▸ Exercise goal: Everything from the first line of the data through the line with "中國儲能網(wǎng)訊:7" is to be echoed exactly, minus the pictures.

▸ Dataset extract:
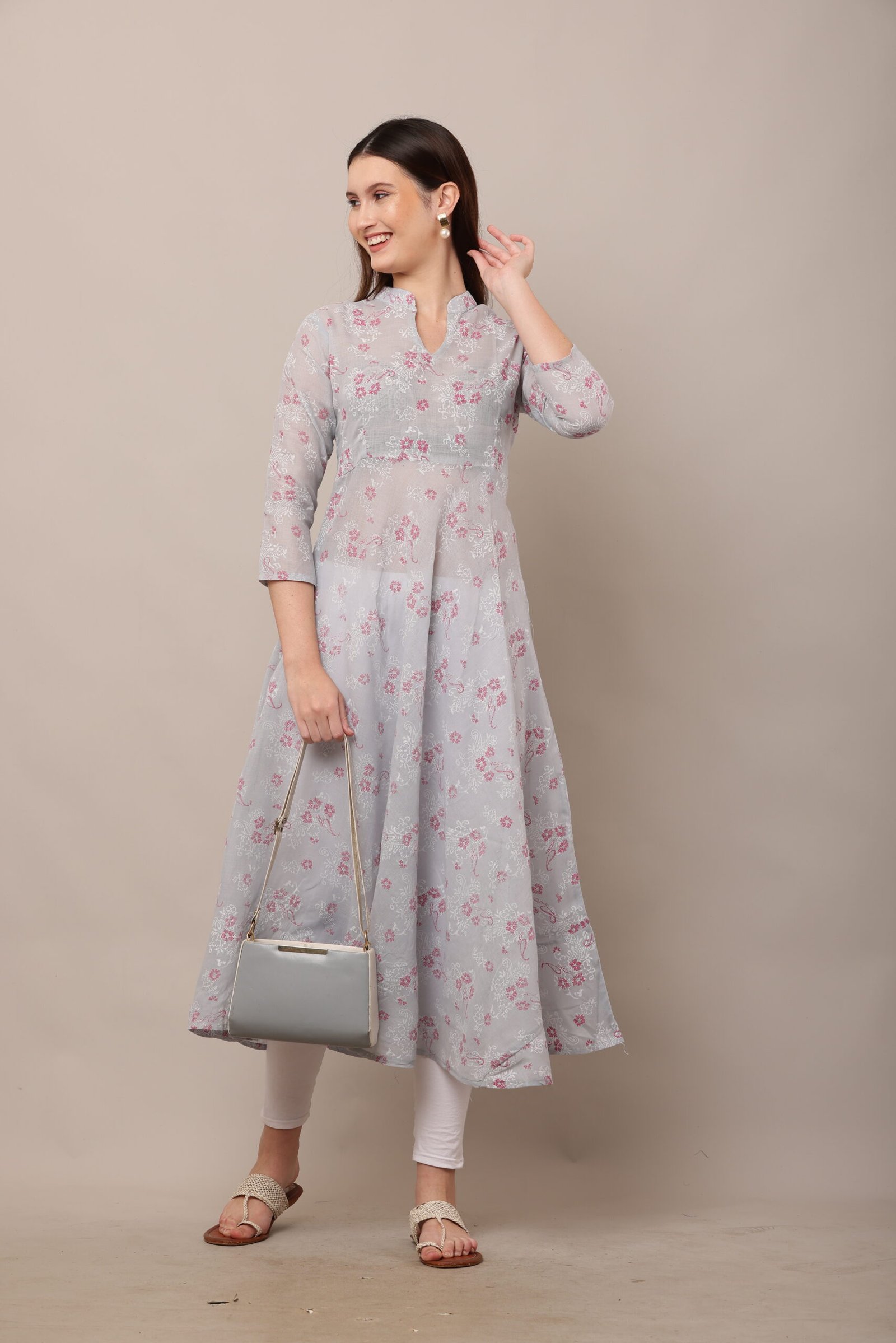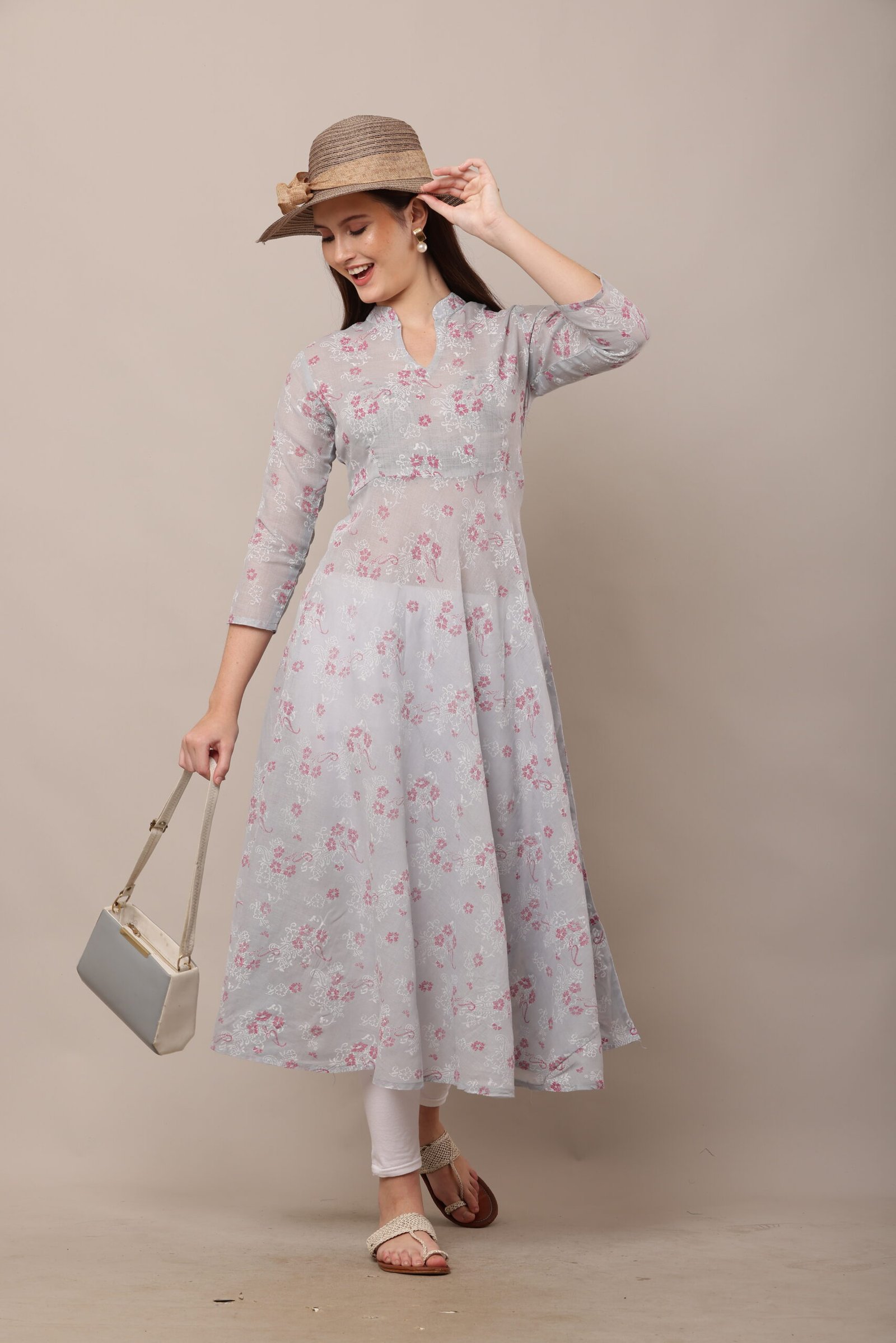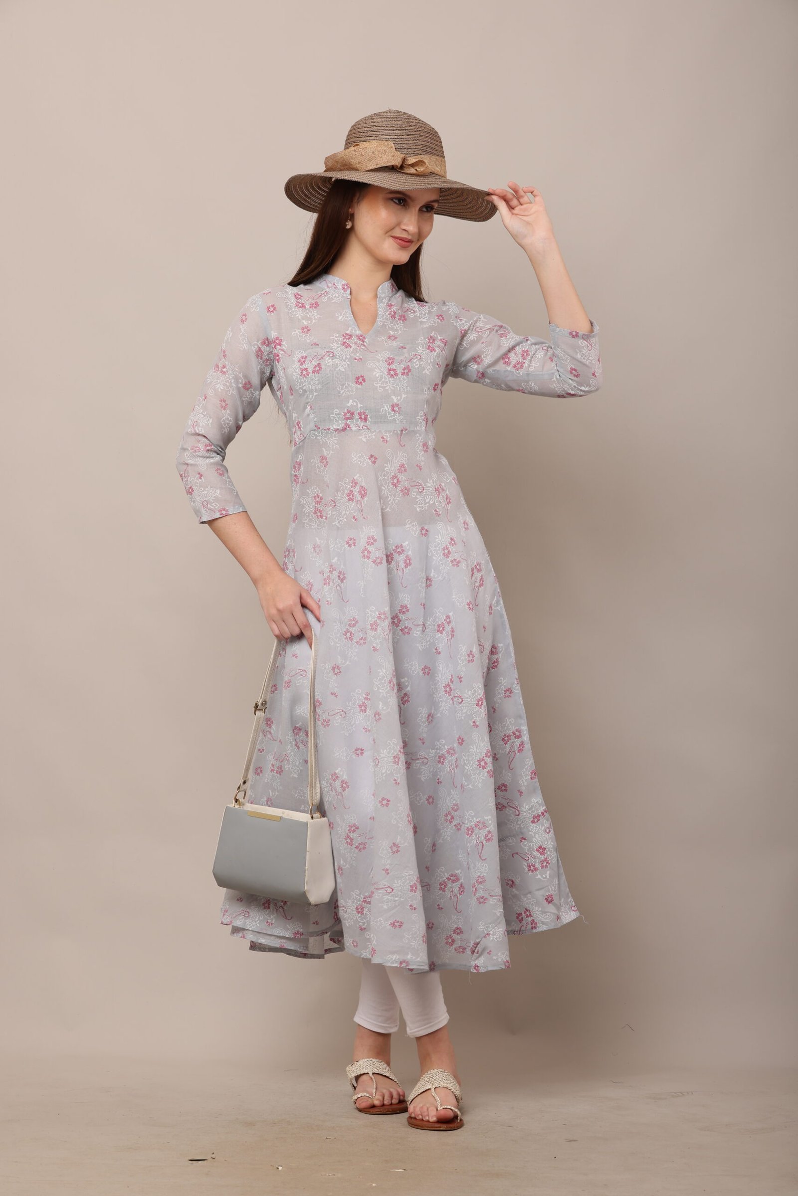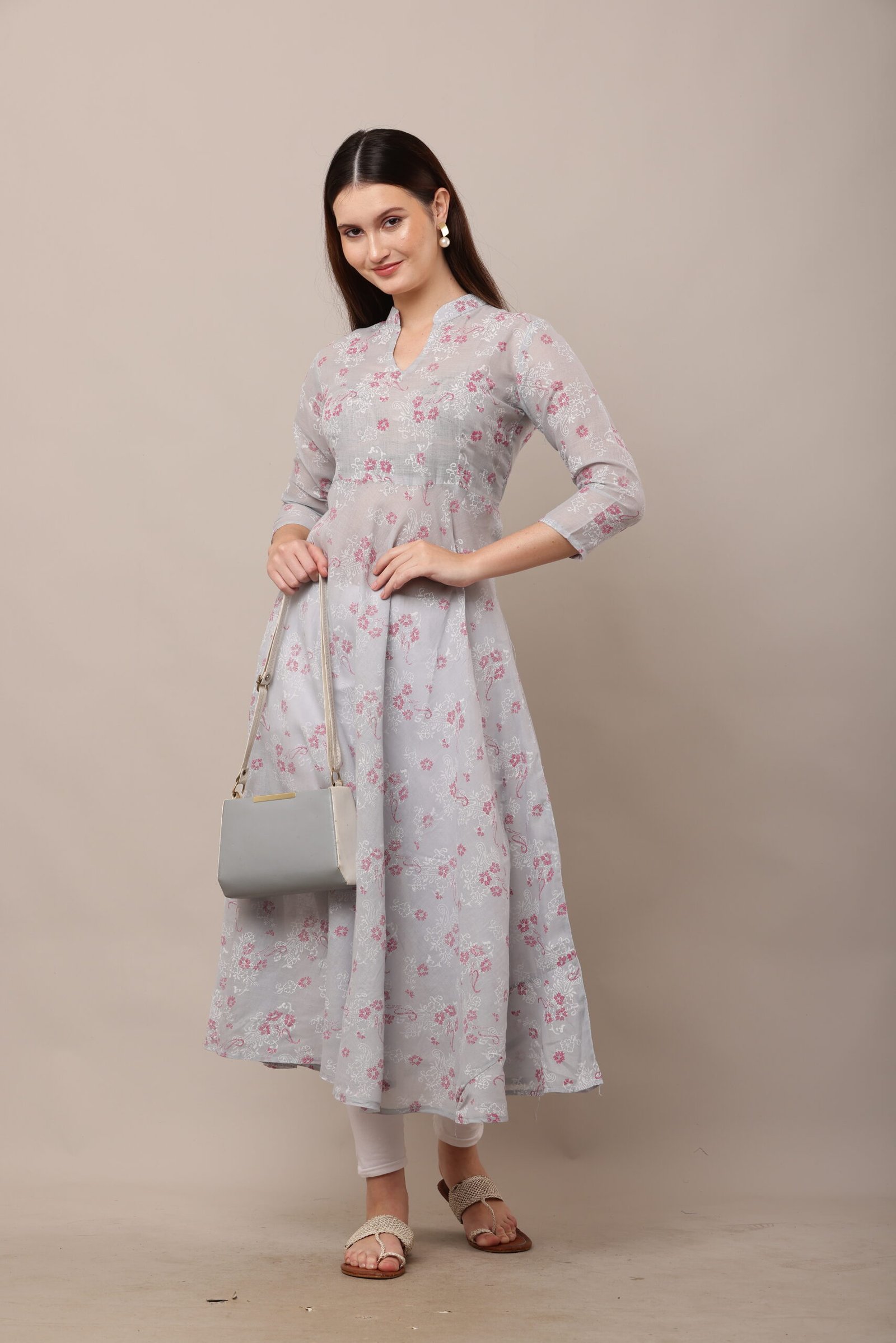 - The PSG-A37 Block Printed Cotton Anarkali features a captivating block-printed design, a traditional Indian art form that showcases intricate patterns created by skilled artisans. The block prints are meticulously crafted, adding a touch of cultural heritage to the dress. The 3/4 sleeves lend a sophisticated yet practical touch, making the dress suitable for both warm and cooler weather.
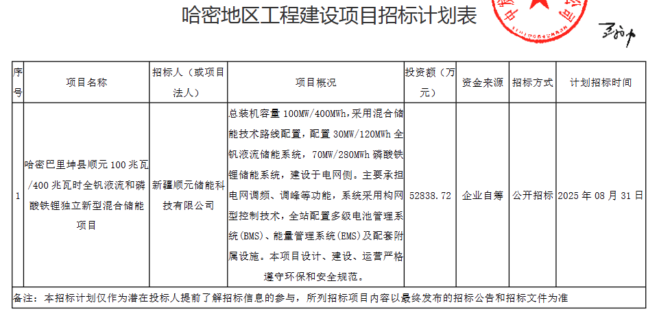 中國儲能網(wǎng)訊:7月29日,新疆哈密工程建設項目招標計劃表發(fā)布,共兩個招標項目,合計規(guī)模200MW/800MWh。
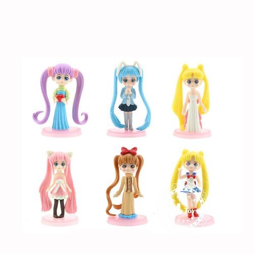 Nome: 6 peças de brinquedo Sailors Moonss Figure Toy Anime Doll Material do modelo: PVC Tamanho: 7,5 cm Peso: 0,15 kg Função: suprimentos de coleção, ornamentos de vida, embalagem pequena: 6 x Figura

▸ Solution to the exercise:
 - The PSG-A37 Block Printed Cotton Anarkali features a captivating block-printed design, a traditional Indian art form that showcases intricate patterns created by skilled artisans. The block prints are meticulously crafted, adding a touch of cultural heritage to the dress. The 3/4 sleeves lend a sophisticated yet practical touch, making the dress suitable for both warm and cooler weather.
 中國儲能網(wǎng)訊:7月29日,新疆哈密工程建設項目招標計劃表發(fā)布,共兩個招標項目,合計規(guī)模200MW/800MWh。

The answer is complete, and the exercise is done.